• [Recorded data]
· · · ·
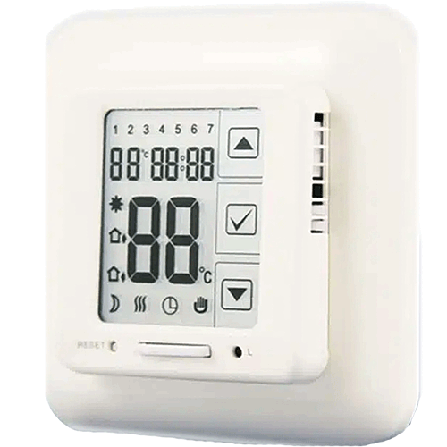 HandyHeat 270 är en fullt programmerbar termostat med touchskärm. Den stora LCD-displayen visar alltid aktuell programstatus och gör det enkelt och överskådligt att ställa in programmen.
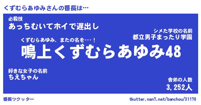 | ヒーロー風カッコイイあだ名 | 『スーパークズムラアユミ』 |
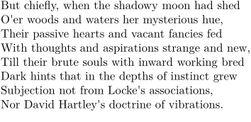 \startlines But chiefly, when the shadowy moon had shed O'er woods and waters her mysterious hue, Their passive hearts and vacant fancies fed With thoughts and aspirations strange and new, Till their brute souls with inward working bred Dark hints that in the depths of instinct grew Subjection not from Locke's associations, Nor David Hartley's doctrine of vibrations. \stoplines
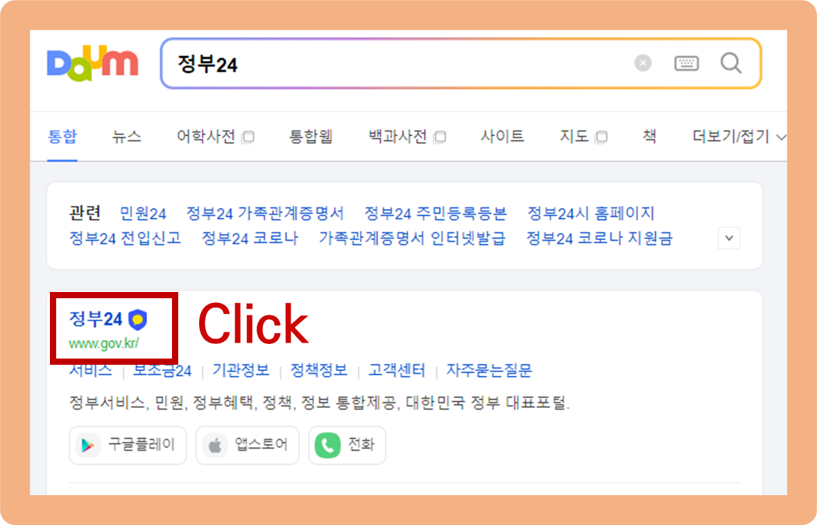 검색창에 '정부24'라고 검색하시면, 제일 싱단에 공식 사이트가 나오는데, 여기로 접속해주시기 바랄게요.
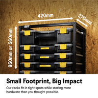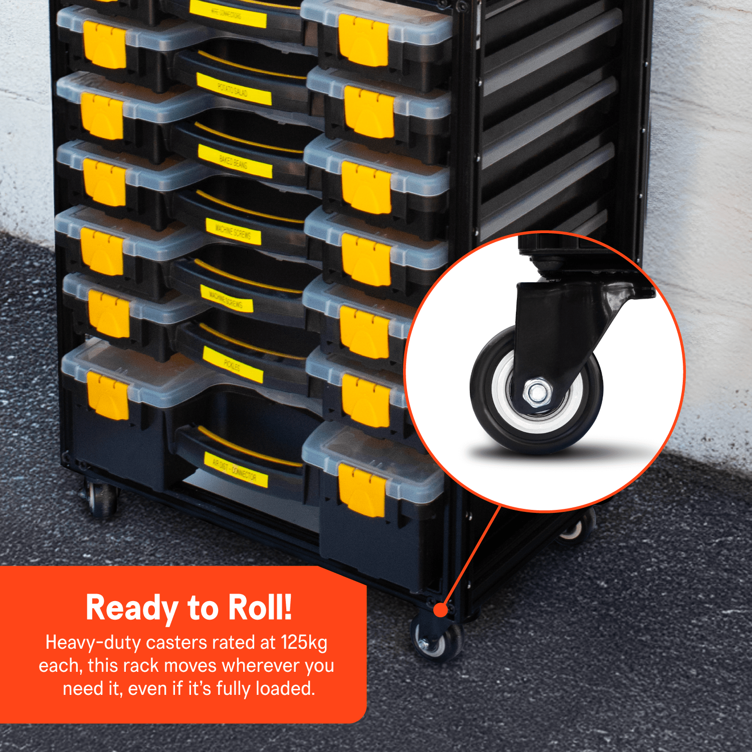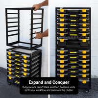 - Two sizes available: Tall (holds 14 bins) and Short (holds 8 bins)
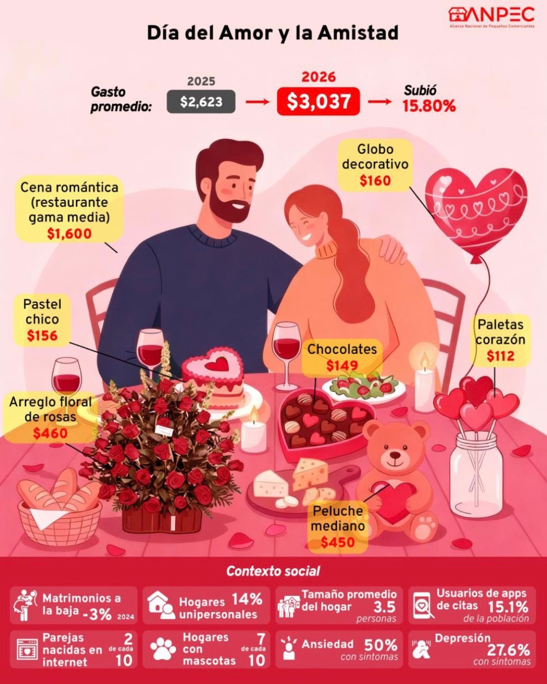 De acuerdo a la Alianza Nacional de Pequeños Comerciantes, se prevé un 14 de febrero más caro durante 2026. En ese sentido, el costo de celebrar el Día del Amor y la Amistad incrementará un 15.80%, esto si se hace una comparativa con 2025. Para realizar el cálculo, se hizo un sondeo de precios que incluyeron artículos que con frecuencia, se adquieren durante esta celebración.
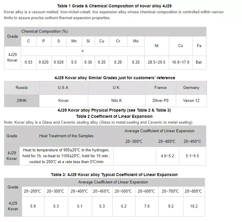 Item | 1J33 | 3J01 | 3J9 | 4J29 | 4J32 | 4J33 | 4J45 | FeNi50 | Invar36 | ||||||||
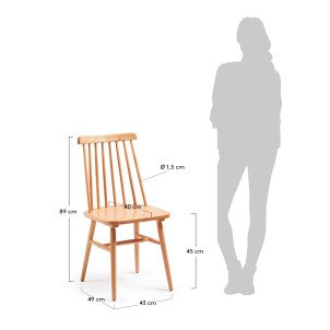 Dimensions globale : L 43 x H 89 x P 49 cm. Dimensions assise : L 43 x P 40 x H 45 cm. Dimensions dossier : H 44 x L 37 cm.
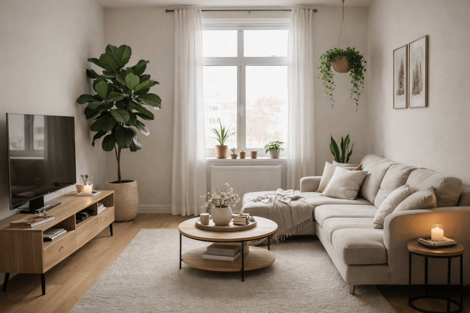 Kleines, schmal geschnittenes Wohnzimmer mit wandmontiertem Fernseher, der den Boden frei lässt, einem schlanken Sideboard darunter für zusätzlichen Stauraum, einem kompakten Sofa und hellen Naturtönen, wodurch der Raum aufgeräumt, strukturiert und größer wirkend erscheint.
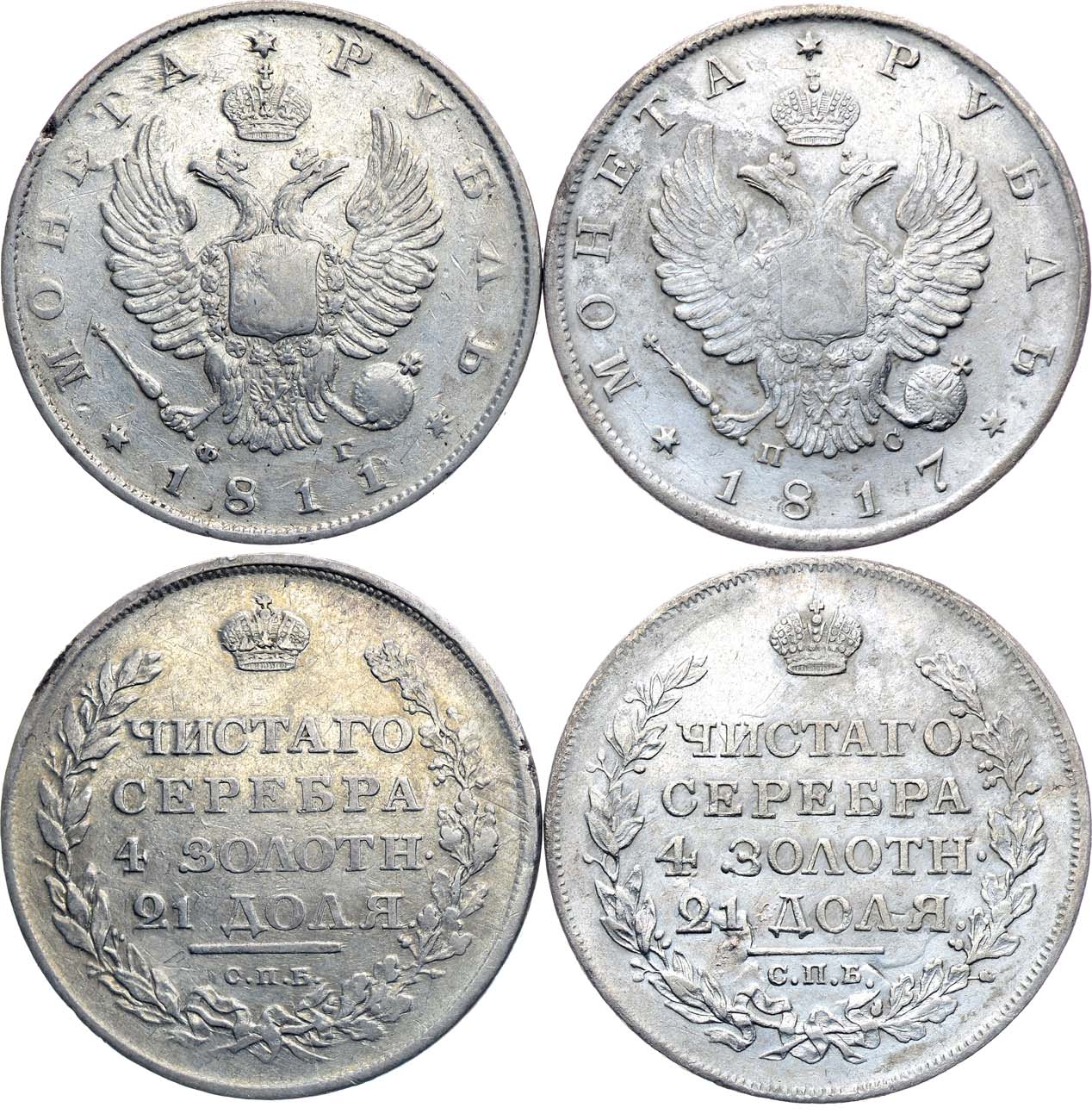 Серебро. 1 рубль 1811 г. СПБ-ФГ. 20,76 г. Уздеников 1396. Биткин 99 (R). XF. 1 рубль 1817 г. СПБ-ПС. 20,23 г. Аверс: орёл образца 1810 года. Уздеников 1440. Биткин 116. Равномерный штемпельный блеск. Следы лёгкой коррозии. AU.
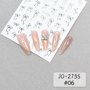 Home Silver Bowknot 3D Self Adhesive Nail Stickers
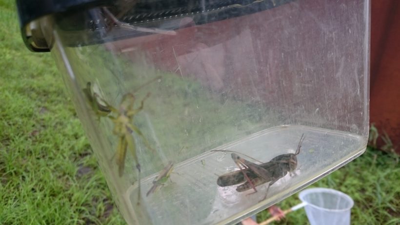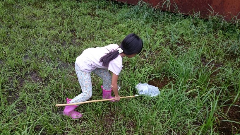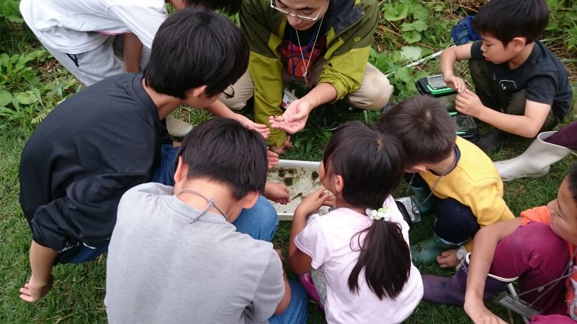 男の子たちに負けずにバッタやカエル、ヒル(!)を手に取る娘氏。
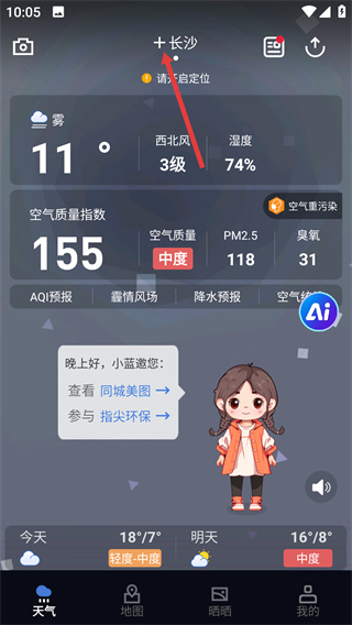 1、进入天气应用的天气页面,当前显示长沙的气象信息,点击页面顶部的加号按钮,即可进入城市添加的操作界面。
· · · ·
• [Work required]
Print every record above exactly as written, leaving out the pictures.

• [Task result]
 HandyHeat 270 är en fullt programmerbar termostat med touchskärm. Den stora LCD-displayen visar alltid aktuell programstatus och gör det enkelt och överskådligt att ställa in programmen.
 | ヒーロー風カッコイイあだ名 | 『スーパークズムラアユミ』 |
 \startlines But chiefly, when the shadowy moon had shed O'er woods and waters her mysterious hue, Their passive hearts and vacant fancies fed With thoughts and aspirations strange and new, Till their brute souls with inward working bred Dark hints that in the depths of instinct grew Subjection not from Locke's associations, Nor David Hartley's doctrine of vibrations. \stoplines
 검색창에 '정부24'라고 검색하시면, 제일 싱단에 공식 사이트가 나오는데, 여기로 접속해주시기 바랄게요.
 - Two sizes available: Tall (holds 14 bins) and Short (holds 8 bins)
 De acuerdo a la Alianza Nacional de Pequeños Comerciantes, se prevé un 14 de febrero más caro durante 2026. En ese sentido, el costo de celebrar el Día del Amor y la Amistad incrementará un 15.80%, esto si se hace una comparativa con 2025. Para realizar el cálculo, se hizo un sondeo de precios que incluyeron artículos que con frecuencia, se adquieren durante esta celebración.
 Item | 1J33 | 3J01 | 3J9 | 4J29 | 4J32 | 4J33 | 4J45 | FeNi50 | Invar36 | ||||||||
 Dimensions globale : L 43 x H 89 x P 49 cm. Dimensions assise : L 43 x P 40 x H 45 cm. Dimensions dossier : H 44 x L 37 cm.
 Kleines, schmal geschnittenes Wohnzimmer mit wandmontiertem Fernseher, der den Boden frei lässt, einem schlanken Sideboard darunter für zusätzlichen Stauraum, einem kompakten Sofa und hellen Naturtönen, wodurch der Raum aufgeräumt, strukturiert und größer wirkend erscheint.
 Серебро. 1 рубль 1811 г. СПБ-ФГ. 20,76 г. Уздеников 1396. Биткин 99 (R). XF. 1 рубль 1817 г. СПБ-ПС. 20,23 г. Аверс: орёл образца 1810 года. Уздеников 1440. Биткин 116. Равномерный штемпельный блеск. Следы лёгкой коррозии. AU.
 Home Silver Bowknot 3D Self Adhesive Nail Stickers
 男の子たちに負けずにバッタやカエル、ヒル(!)を手に取る娘氏。
 1、进入天气应用的天气页面,当前显示长沙的气象信息,点击页面顶部的加号按钮,即可进入城市添加的操作界面。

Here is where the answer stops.